### Exercise instructions:
Set down again exactly the lines of the listing below that fall between the line holding "제주 서귀포시 제주민속촌에서는" and the line holding "Fortisflex Изолента ПВХ 19х0.15х20 зеленая", inclusive.

### Data records:
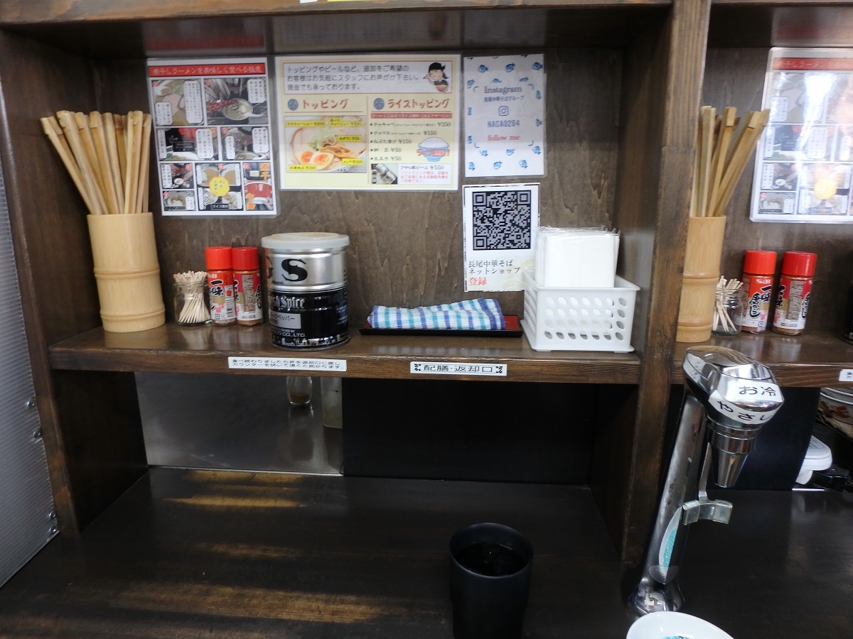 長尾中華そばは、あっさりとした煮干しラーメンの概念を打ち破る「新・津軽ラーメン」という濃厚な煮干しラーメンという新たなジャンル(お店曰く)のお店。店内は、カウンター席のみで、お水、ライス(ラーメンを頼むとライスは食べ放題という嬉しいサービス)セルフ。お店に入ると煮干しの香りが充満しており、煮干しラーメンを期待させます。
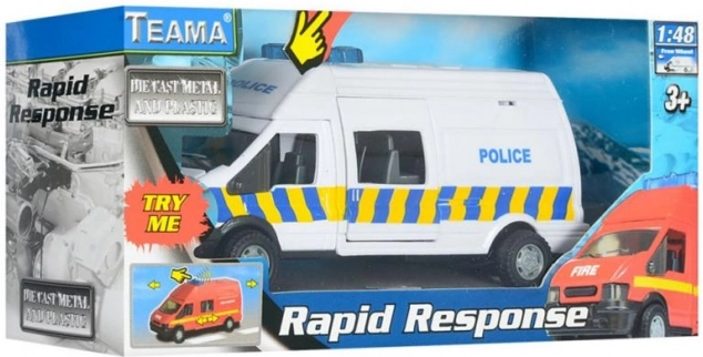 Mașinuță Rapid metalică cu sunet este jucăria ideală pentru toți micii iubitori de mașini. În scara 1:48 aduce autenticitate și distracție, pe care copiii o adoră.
---
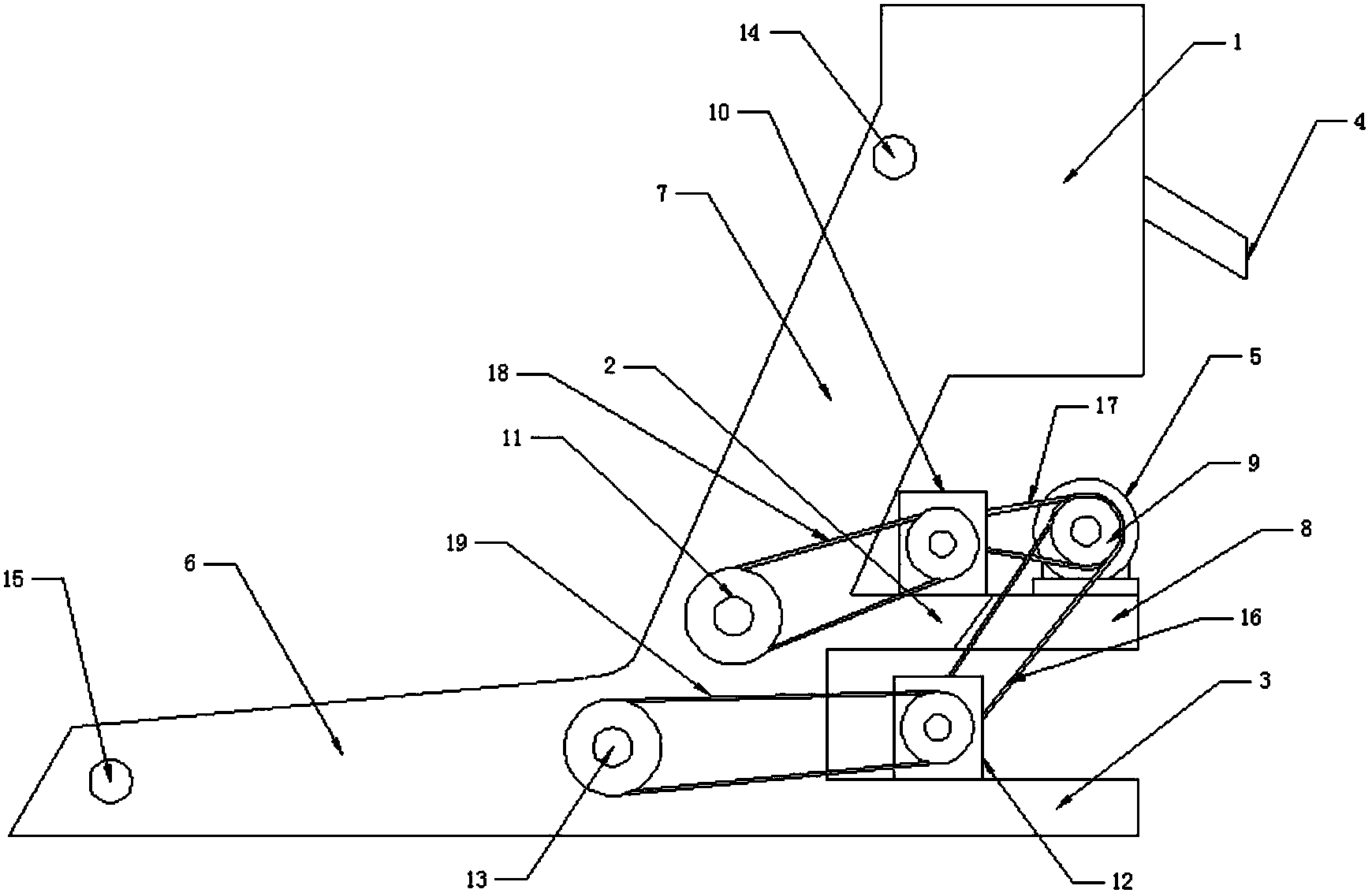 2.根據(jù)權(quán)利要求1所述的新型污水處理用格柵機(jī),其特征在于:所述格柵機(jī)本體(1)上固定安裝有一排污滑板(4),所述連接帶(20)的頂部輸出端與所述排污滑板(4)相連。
* * *
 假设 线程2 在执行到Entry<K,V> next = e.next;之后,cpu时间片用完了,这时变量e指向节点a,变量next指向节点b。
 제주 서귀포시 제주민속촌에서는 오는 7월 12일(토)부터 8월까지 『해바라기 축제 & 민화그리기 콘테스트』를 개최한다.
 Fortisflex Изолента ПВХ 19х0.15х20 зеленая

### Output:
 제주 서귀포시 제주민속촌에서는 오는 7월 12일(토)부터 8월까지 『해바라기 축제 & 민화그리기 콘테스트』를 개최한다.
 Fortisflex Изолента ПВХ 19х0.15х20 зеленая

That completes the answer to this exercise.